Relativisons la défaite du FPÖ en Autriche

Le FPÖ autrichien et son candidat Norbert Höfer ont perdu les élections présidentielles du 4 décembre face au candidat écologiste Alexander van der Bellen à 48,3% contre 51,7%.

Une victoire aurait été assurément une bonne nouvelle qui aurait poursuivi une certaine dynamique en œuvre en Occident. Elle aurait pu permettre un rapprochement entre l'Autriche et le groupe de Visegrad par exemple. Trop iconoclaste pour le moment.

La défaite est très largement à relativiser; elle n'a rien d'infamante et n'est en aucun cas « écrasante » comme se plaît à le dire la presse de gauche.

Pour commencer, rappelons que le poste de président en Autriche n'a pas la même importance qu'en France et qu'une défaite aux présidentielles n'empêchera pas le FPÖ de pouvoir se positionner en bonne place à d'autres échéances électorales. Le score de 48,3% est un excellent score, le meilleur en Europe pour un parti de cette nature.

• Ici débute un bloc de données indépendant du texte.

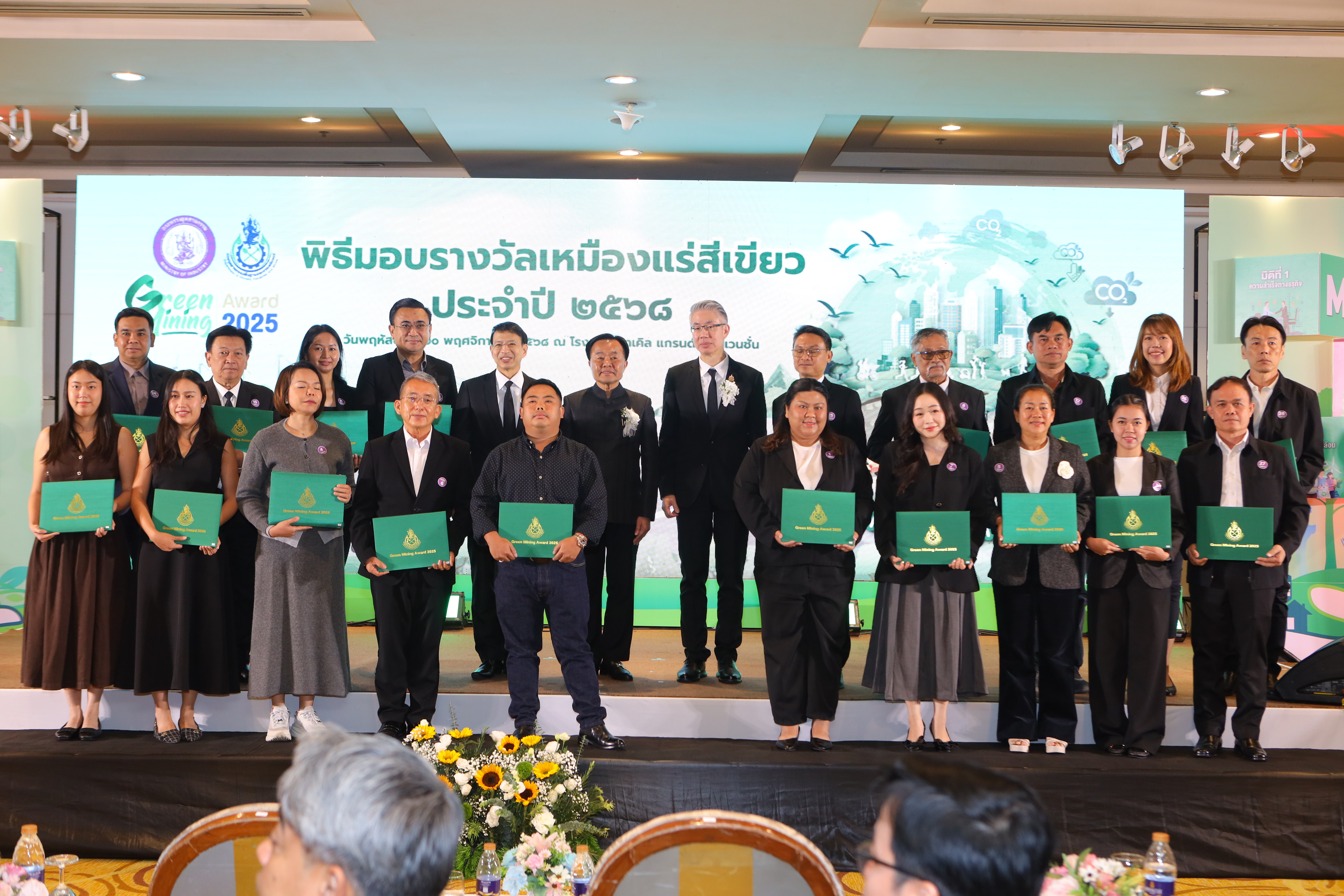 ทั้งนี้ในปี 2568 มีสถานประกอบการเหมืองแร่และอุตสาหกรรมพื้นฐานที่ผ่านเกณฑ์และได้รับรางวัล รวมทั้งสิ้น 308 ราย ประกอบด้วย รางวัลเหมืองแร่สีเขียวรายใหม่ จำนวน 30 ราย รางวัลรักษามาตรฐานเหมืองแร่สีเขียว จำนวน 276 ราย และรางวัลรักษามาตรฐานเหมืองแร่สีเขียวต่อเนื่องดีเด่น จำนวน 2 ราย “สำหรับแนวคิดของการจัดงานในปีนี้ คือ “Great MIND To Green MINE” หมายถึง การเปิดใจและร่วมมือกันของทุกภาคส่วน ทั้งภาครัฐ ผู้ประกอบการ และชุมชน ซึ่ง กพร. ชัดเจนในการบริหารจัดการให้ภาคอุตสาหกรรมมีความสามารถในการแข่งขันและเติบโตอย่างยั่งยืน โดยสนับสนุนให้ผู้ประกอบการทำเหมืองแร่และประกอบอุตสาหกรรมพื้นฐานอย่างถูกต้องตามกฎหมาย มีมาตรฐานความปลอดภัยที่ดี และเป็นมิตรต่อสิ่งแวดล้อม เพราะเรามุ่งมั่นให้ประชาชนในทุกพื้นที่ที่มีเหมืองแร่ได้รับการยกระดับคุณภาพชีวิตที่ดีขึ้น เพื่อผลักดันให้เหมืองแร่ไทยเติบโตอย่างมีคุณภาพ และอยู่ร่วมกับชุมชนได้อย่างแท้จริง” นายอดิทัตฯ กล่าวทิ้งท้าย

Par ailleurs, il semblerait que le sujet des rapports avec l'UE, et donc avec l'Allemagne, ce qui n'est pas négligeable lorsqu'on est autrichien, ait plus pesé encore que la question migratoire. Van der Bellen aurait aussi mis de l'eau dans son vin sur l'utopie migratoire. Il s'agit donc surtout de maintenir un statu quo vis à vis de l'UE.

D'un autre côté, cette opposition marque la faillite des partis politiques traditionnels : socio-démocrates, démocratie chrétienne, liberal-conservatisme. Une défaite de la droite nationale au profit des écologistes, dans un pays assez préoccupé par sa qualité de vie, n'est pas une catastrophe et ne peut pas être perçu avec notre seul regard de Français où l'écologie politique est une vaste arnaque.

Le résultat du référendum italien est-il vraiment une bonne nouvelle ?

Mateo Renzi proposait aux Italiens une modification du fonctionnement des institutions dans un pays marqué par près de sept décennies d'instabilité et qui est au cœur des jeux de pouvoir. Vatican, Etats-Unis, franc-maçonnerie, mafias…  Une des manifestations les plus sanglantes fut la violence des années de plomb. L'Italie est un pays à la souveraineté limitée où corruption et féodalités ont encore la belle vie. Les mouvements régionalistes, même ceux qualifiés « d'extrême-droite » agissent souvent par pur égoïsme territorial, refusant par exemple de payer pour les « terroni » du sud. L'Italie est une nation inachevée.

60% des électeurs ont pourtant rejeté sa réforme, ce qui est perçu comme une brillante victoire des « eurosceptiques » face à l'homme lige de Merkel. C'est peut-être vrai et l'ère politique qui s'ouvre désormais peut conduire à une majorité composée de partis politiques hostiles à l'Eurozone et à la politique germano-bruxelloise. Le M5S, Forza Italia ou la Lega Nord sont autant de mouvements qui peuvent tirer les marrons du feu. Mais il s'agit de mouvements qui sont en réalité divisés et il sera compliqué d'obtenir des majorités solides. Par ailleurs, rien n'indique que les partis qui seront en mesure de remporter d'éventuelles élections législatives vont appliquer leur programme : la Lega Nord a déjà largement déçue sur l'immigration lorsqu'elle pouvait agir et le précédent de Syriza en Grèce nous invite à la plus grande prudence.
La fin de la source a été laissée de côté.